The prison was perennially on the U.S. Department of Justice’s top 10 most violent correctional facilities list. Charles Manson requested that they let him transfer there from California. (Perhaps he felt a fondness for the place, since his mother was incarcerated there when they had a women’s building.)
In 1986, a judge ordered the facility closed since it violated federal regulations, including those against cruel and unusual punishment, but inmates remained until 1995.Today, it houses the National Corrections Law Enforcement Training and Technology Center, and each May, participants from 39 states and six countries hold mock riots and training. Regular tours are held April through November.
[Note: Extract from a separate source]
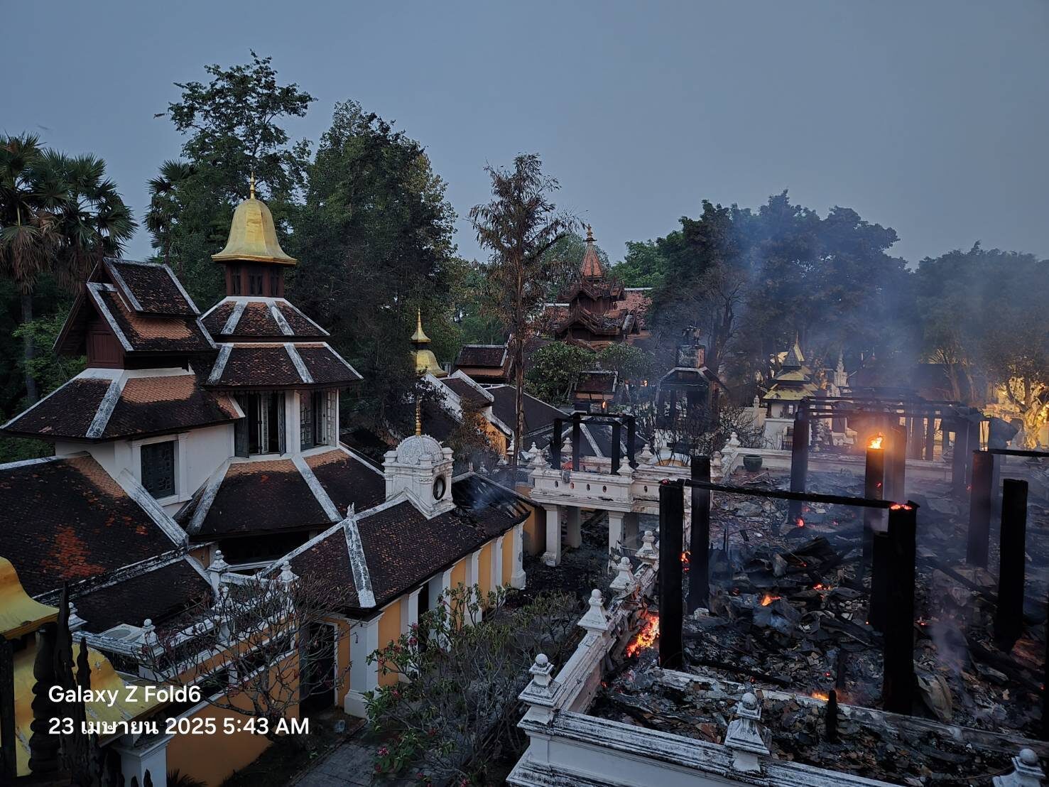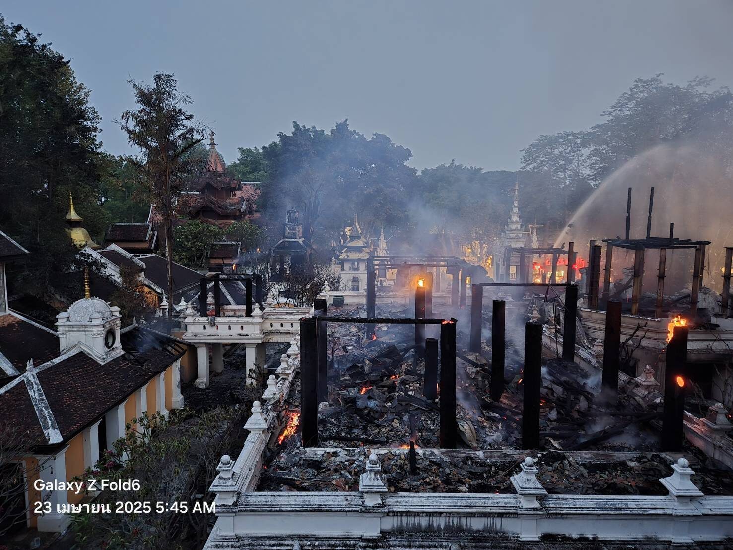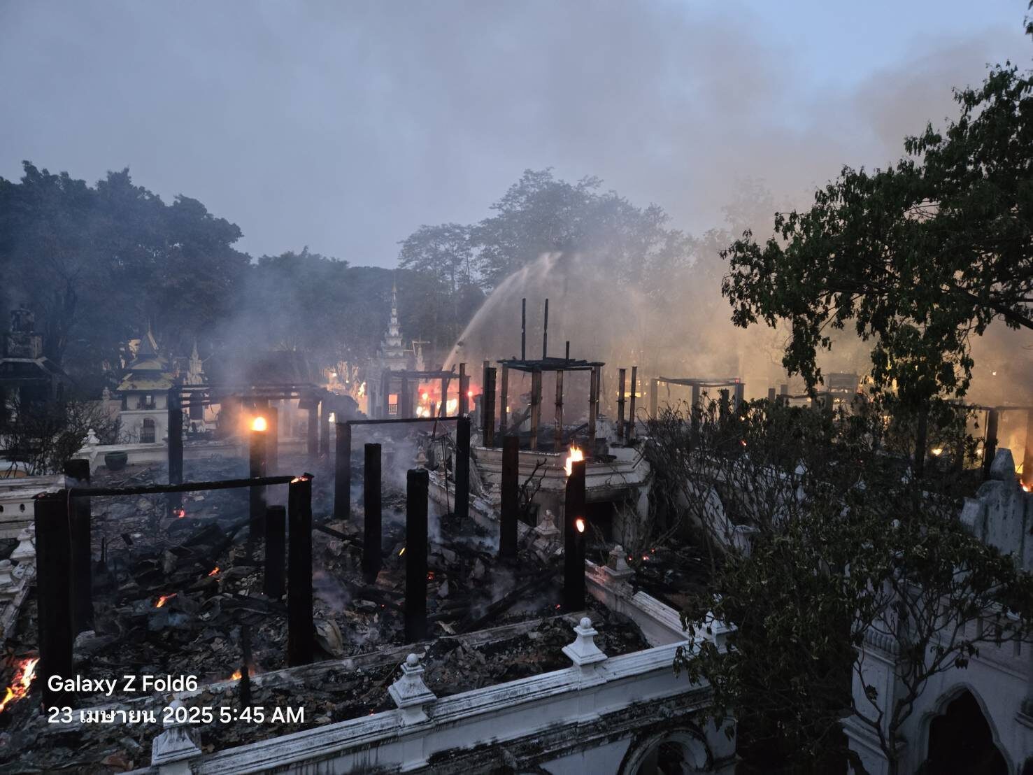 วันที่ 23 เม.ย.2568 ผู้สื่อข่าวรายงานว่า จากกรณีเกิดเหตุ ไฟไหม้โรงแรมดาราเทวี ต.ท่าศาลา อ.เมือง จ.เชียงใหม่ ซึ่งเป็นโรงแรมชื่อดังของจังหวัด เมื่อช่วงกลางดึกที่ผ่านมา โดยเจ้าหน้าที่ได้ระดมรถน้ำเข้าทำการควบคุมเพลิง

Completing a trip to Moundsville is a visit to Alexander’s on 7th, a restaurant in the former Mound City Bank. The 1907 building, beautifully restored by owner Karen Baker and her husband, is a lovely setting for a weekday lunch. Architectural details such as the original bank vault, the teller’s cage in the balcony and the ornate ceiling reinforce the town’s historical feel.
There are also Adena burial mounds at the Grave Creek Mound Archaeology Complex. Built between 250 and 100 B.C., the mounds (from which Moundsville gets its name) are the largest known burial mounds of this type. The 60,000 plustons of soil were moved by the Adena without horses or the wheel.